Global markets race ahead as investors cheer potential boost from Trump policies
Global markets raced ahead on Wednesday as investors cheered a potential boost from the economic policies of US President Donald Trump.
In America, the Dow Jones Industrial Average broke through the psychologically significant 20,000 mark for the first time in its history, while Germany's Dax reached its highest level since the summer of 2015.
However, trading was more subdued on London's top flight index, with sterling's jump to a six-week high against the US dollar holding back progress.
The FTSE 100 Index closed up 14.09 points to 7,164.43, with financial and mining stocks leading the charge on the top-flight.
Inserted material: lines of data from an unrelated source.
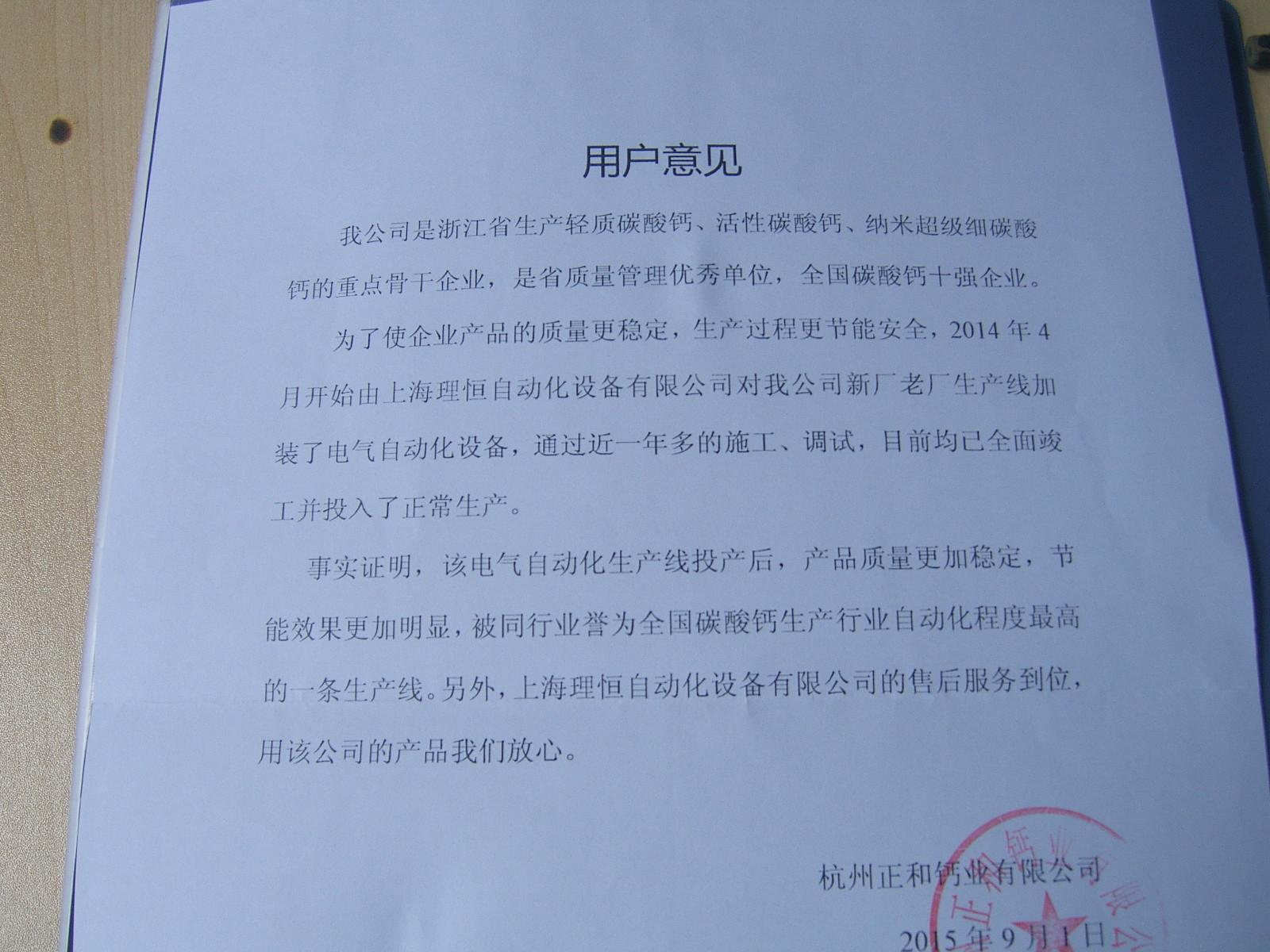 下圖為該碳酸鈣生產(chǎn)廠家出具的對我公司的設(shè)計、編程、施工及售后服務(wù)的高度評價的“用戶意見書”
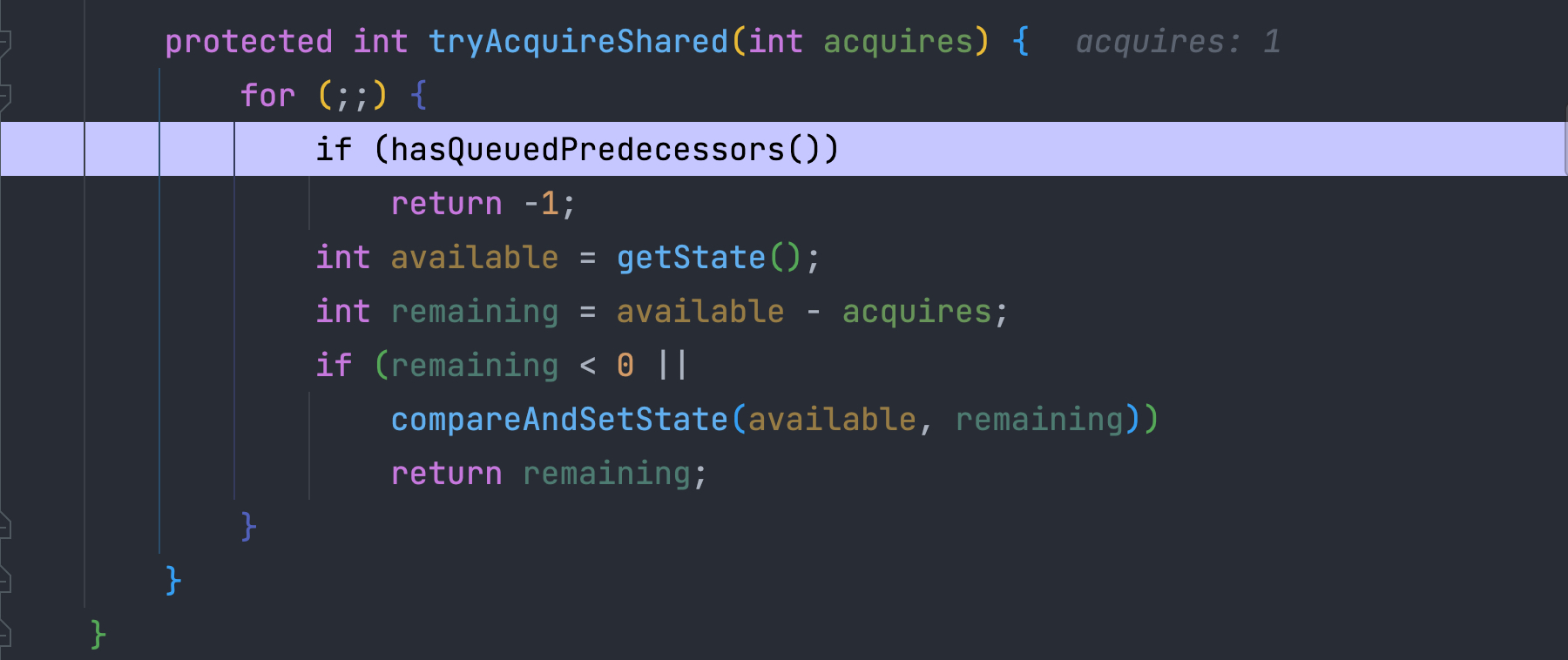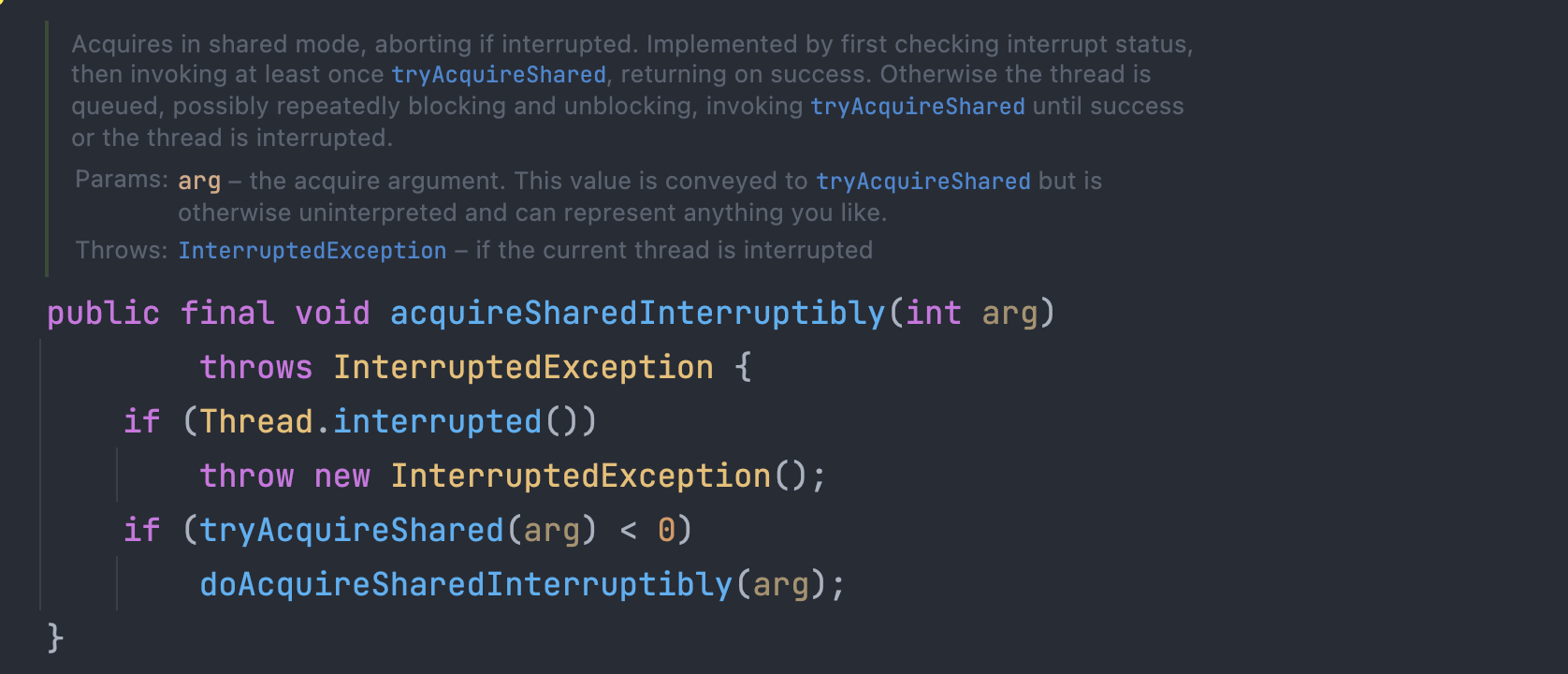 이후 acquire()를 호출하면 내부적으로 acquireSharedInteruuptibly()를 호출하는데, 여기서 Thread의 interrupted를 체크하고 세마포 값을 확인한다.
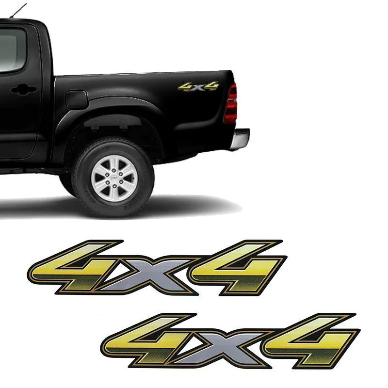 Par De Adesivos 4x4 Toyota Hilux Flex 2013 À 2015 Dourado
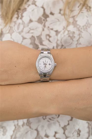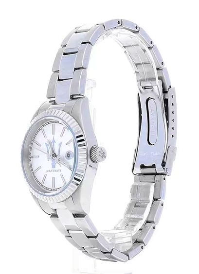 Orologio Maserati femminile in acciaio lucido e satinato con quadrante silver e datario . Dimensione cassa 32mm
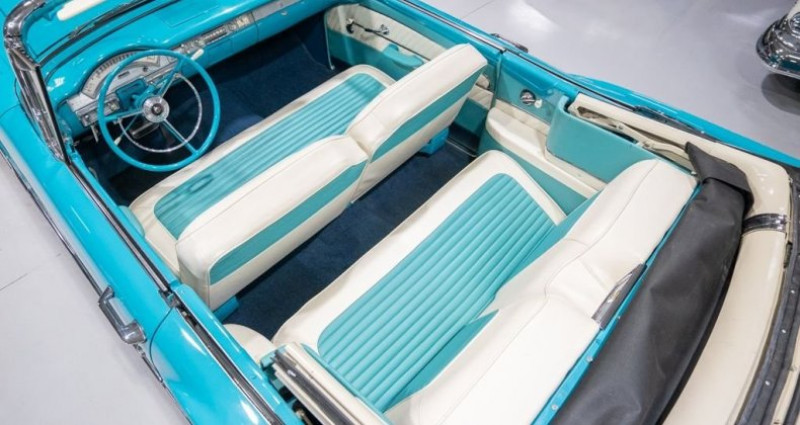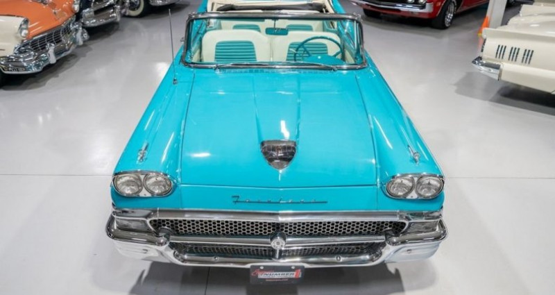 1958 Ford Fairlane 500 Sunliner. Convertible. Body type. Automatic transmission. 390 CID V8 engine. Tri-Power carburetor setup. Rear-wheel drive. Power steering. Power brakes. Dual master cylinder. Modern brake booster. Ivory vinyl power convertible top. Gulfstream Blue exterior. Gulfstream & Colonial White interior. Semi-circular 120 MPH speedometer. Temperature gauge. Fuel gauge. Clock. Town and Country AM radio. Wide whitewall bias-ply tires. Chrome wire wheels with spinner knock-off hubcaps. Refinished exterior. Stainless steel trim. Upgraded exhaust. Original equipment inspection. Indoor showroom. Over 25 years of experience. Consignment and buying programs. Repair services. Various payment methods accepted. No express or implied warranties. Vehicles sold as-is, where-is. Inaccurate prices not honored. Additional fees for title, license, registration, taxes, processing. Shipping charges buyer's responsibility. Auction may end early without notice. Nonrefundable deposit required within 24 hours of winning auction (determined by the Company in its sole discretion). Contact Scott E. at 763-428-7337 for more information and current list of vehicles.. Provenance : Minnesota. Disponibilité : environ 7 semaines, clés en main. 63 500 € tout compris (importation, taxes, procédure d'immatriculation). Annonce publiée le 02/12/2025
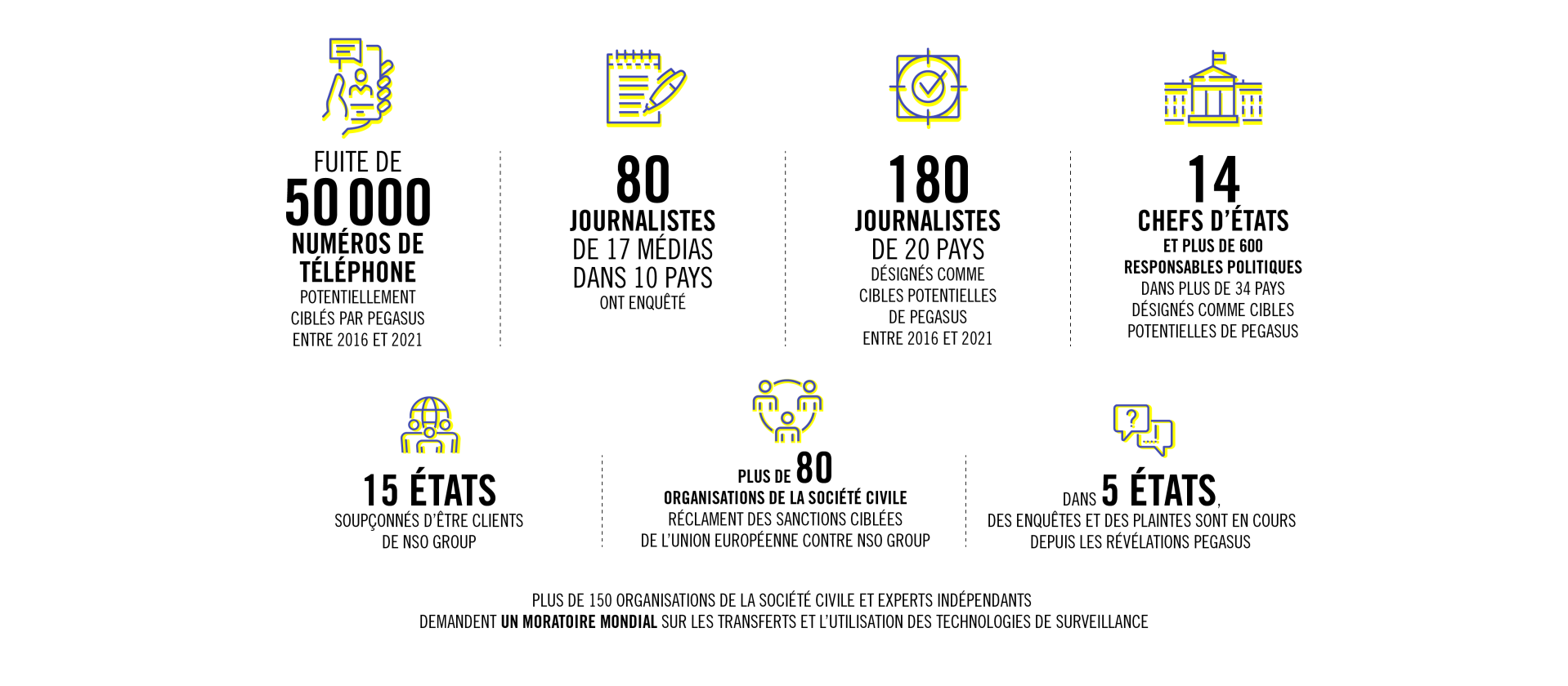 Comment un logiciel, qui représente une menace directe et réelle pour des milliers de personnes, a-t-il pu être conçu et si largement distribué ? Pour "Lutte contre le terrorisme", se défend NSO Group. Un journaliste comme Edwy Plenel serait donc un terroriste ? C’est là où est le danger : Pegasus est une arme numérique qui, sous couvert de lutte contre le terrorisme, est utilisée illégalement contre des membres de la société civile. Parce que leurs activités professionnelles dérangent. Parce que leurs opinions politiques bousculent. Parce que leurs combats pour la défense des droits humains embarrassent.
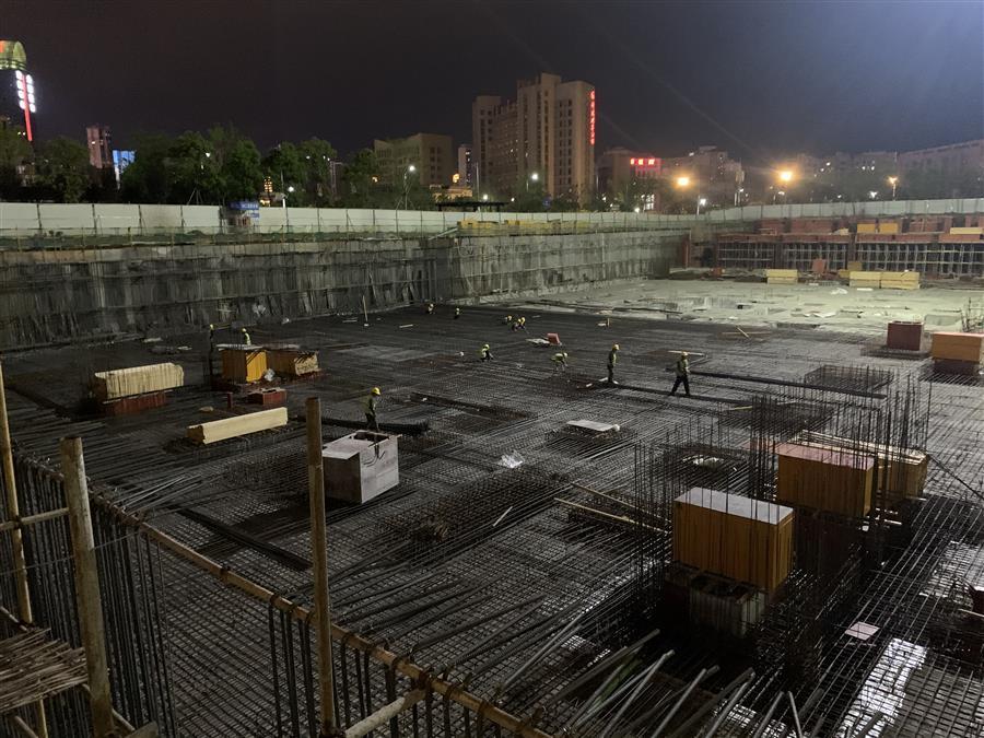 時(shí)至深夜,贛州市人民醫(yī)院新院職工交流房項(xiàng)目工作人員依舊奮戰(zhàn)在施工現(xiàn)場(chǎng),現(xiàn)場(chǎng)機(jī)械轟鳴聲、焊接切割聲交織在一起,一片熱火朝天的大干景象。目前,130余名施工作業(yè)人員全面鋪開(kāi)各個(gè)工作面,底板防水施工、承臺(tái)鋼筋綁扎、磚胎膜砌筑、樁頭破除、地下室頂板架子搭設(shè)和模板安裝等工作都在有序推進(jìn),各班組都在按照計(jì)劃加班加點(diǎn)推進(jìn)項(xiàng)目建設(shè)進(jìn)度。

Laith Khalaf, senior analyst at Hargreaves Lansdown, said the Trump jump had "propelled the Dow Jones to an unprecedented level" as investors snapped up US stocks in anticipation of lower corporate taxes and more government spending.
Across Europe, Germany's Dax rose 1.8% and the Cac 40 in France was 0.9% higher.
On the currency markets, sterling was up 0.8% versus the greenback at 1.261, helped by the weakened US dollar and renewed optimism after the Supreme Court ruling on Brexit.
The pound had stumbled in the previous session after the Supreme Court ruled the Government does not have to consult the devolved assemblies before kickstarting the Brexit process, but soon regained its poise.
Traders said that with a Brexit bill now set to be published on Thursday, there are hopes of less uncertainty, that has plagued the pound in recent months.
Against the euro, the pound was also up 0.7% at 1.174.
The price of oil was marginally ahead despite falling during Wednesday's session after a rise in US inventories suggested that growing shale output could dampen the impact of Opec's production cuts.
Brent crude was up 0.1% at 55.38 US dollars a barrel.
In UK stocks, b anks were enjoying gains in London, as Spanish group Banco Santander kicked off the European banking sector's results season with a respectable 4% rise in group earnings.
However, chief executive Nathan Bostock said the year ahead would be "changeable" as the group warned over a slowdown in corporate lending and more borrowers falling behind with repayments amid the fallout from Brexit.
Santander posted underlying pre-tax profits of £2.03 billion for 2016, up from £1.79 billion the previous year.
Following the update, Royal Bank of Scotland closed up more than 3%, or 7.5p, to 227.5p, while Standard Chartered rose 25.8p to 788.8p.
Away from the top tier, retailer WH Smith finished the biggest riser on the FTSE 250 Index after upgrading its full-year profit forecast thanks to another strong performance at its travel arm over the festive period.
The firm said like-for-like sales at its travel arm, which includes stores at airports and railway stations, rose 5% in the 21 weeks to January 21.
Shares were up 7%, or 104p, to 1,584p.
In a contrast of fortunes, Frankie & Benny's owner Restaurant Group crashed 13% after admitting that trading had continued to be challenging.
Shares fell 46.1p to 300p, as it said like-for-like sales in the fourth quarter fell 5.9% and dropped 3.9% over the year.
The biggest risers on the FTSE 100 Index were Antofagasta up 33.5p to 857.5p, Royal Bank of Scotland up 7.5p to 227.5p, Standard Chartered up 25.8p to 788.8p, St James's Place up 33p to 1,093p.
The biggest fallers on the FTSE 100 Index were Fresnillo down 62p to 1,420p, Randgold Resources down 225p to 6,630p, Vodafone Group down 6.5p to 192.9p, Hikma Pharmaceuticals down 48p to 1,863p.